— Required work —
Return each line exactly as written. Begin with the first line of the entries and end with the line that has "469.500 / C16H22F3N5O4S2".

▼▼▼

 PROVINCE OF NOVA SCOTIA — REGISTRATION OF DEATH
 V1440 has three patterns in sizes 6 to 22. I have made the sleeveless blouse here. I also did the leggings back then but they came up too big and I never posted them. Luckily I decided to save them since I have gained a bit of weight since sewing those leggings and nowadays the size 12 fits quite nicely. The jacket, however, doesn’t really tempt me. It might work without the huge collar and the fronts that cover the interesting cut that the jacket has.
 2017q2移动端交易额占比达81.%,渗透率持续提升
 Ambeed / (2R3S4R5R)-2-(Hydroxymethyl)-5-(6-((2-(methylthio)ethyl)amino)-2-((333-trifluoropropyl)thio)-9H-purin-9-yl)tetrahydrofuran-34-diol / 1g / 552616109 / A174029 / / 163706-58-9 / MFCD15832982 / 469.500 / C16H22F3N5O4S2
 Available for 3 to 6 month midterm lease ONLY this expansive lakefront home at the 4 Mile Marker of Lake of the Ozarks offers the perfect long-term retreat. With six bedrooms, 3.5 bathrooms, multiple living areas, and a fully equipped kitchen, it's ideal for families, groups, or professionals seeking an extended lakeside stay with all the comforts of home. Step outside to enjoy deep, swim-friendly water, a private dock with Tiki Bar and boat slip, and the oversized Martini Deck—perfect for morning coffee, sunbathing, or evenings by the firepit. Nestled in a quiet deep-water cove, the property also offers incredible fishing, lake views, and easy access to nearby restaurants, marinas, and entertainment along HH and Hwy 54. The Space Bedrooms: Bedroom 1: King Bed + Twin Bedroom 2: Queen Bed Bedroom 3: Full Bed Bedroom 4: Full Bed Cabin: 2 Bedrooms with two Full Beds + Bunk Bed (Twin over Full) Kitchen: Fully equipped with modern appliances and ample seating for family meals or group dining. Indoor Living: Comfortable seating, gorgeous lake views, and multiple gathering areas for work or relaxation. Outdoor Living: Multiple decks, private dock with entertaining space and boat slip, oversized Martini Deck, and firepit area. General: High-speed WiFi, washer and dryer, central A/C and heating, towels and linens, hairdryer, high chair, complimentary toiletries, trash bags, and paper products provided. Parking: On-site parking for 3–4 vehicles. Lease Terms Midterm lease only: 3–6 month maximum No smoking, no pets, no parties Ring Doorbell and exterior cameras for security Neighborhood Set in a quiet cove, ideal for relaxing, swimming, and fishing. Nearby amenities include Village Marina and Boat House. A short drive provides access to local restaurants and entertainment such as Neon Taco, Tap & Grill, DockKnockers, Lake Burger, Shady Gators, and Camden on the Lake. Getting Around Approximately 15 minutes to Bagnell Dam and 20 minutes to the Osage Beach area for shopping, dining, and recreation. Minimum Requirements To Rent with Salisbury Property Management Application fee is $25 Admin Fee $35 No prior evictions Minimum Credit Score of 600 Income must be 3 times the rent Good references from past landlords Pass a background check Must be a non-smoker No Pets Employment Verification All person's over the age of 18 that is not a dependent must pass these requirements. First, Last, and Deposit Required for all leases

▲▲▲

— Response area —
 PROVINCE OF NOVA SCOTIA — REGISTRATION OF DEATH
 V1440 has three patterns in sizes 6 to 22. I have made the sleeveless blouse here. I also did the leggings back then but they came up too big and I never posted them. Luckily I decided to save them since I have gained a bit of weight since sewing those leggings and nowadays the size 12 fits quite nicely. The jacket, however, doesn’t really tempt me. It might work without the huge collar and the fronts that cover the interesting cut that the jacket has.
 2017q2移动端交易额占比达81.%,渗透率持续提升
 Ambeed / (2R3S4R5R)-2-(Hydroxymethyl)-5-(6-((2-(methylthio)ethyl)amino)-2-((333-trifluoropropyl)thio)-9H-purin-9-yl)tetrahydrofuran-34-diol / 1g / 552616109 / A174029 / / 163706-58-9 / MFCD15832982 / 469.500 / C16H22F3N5O4S2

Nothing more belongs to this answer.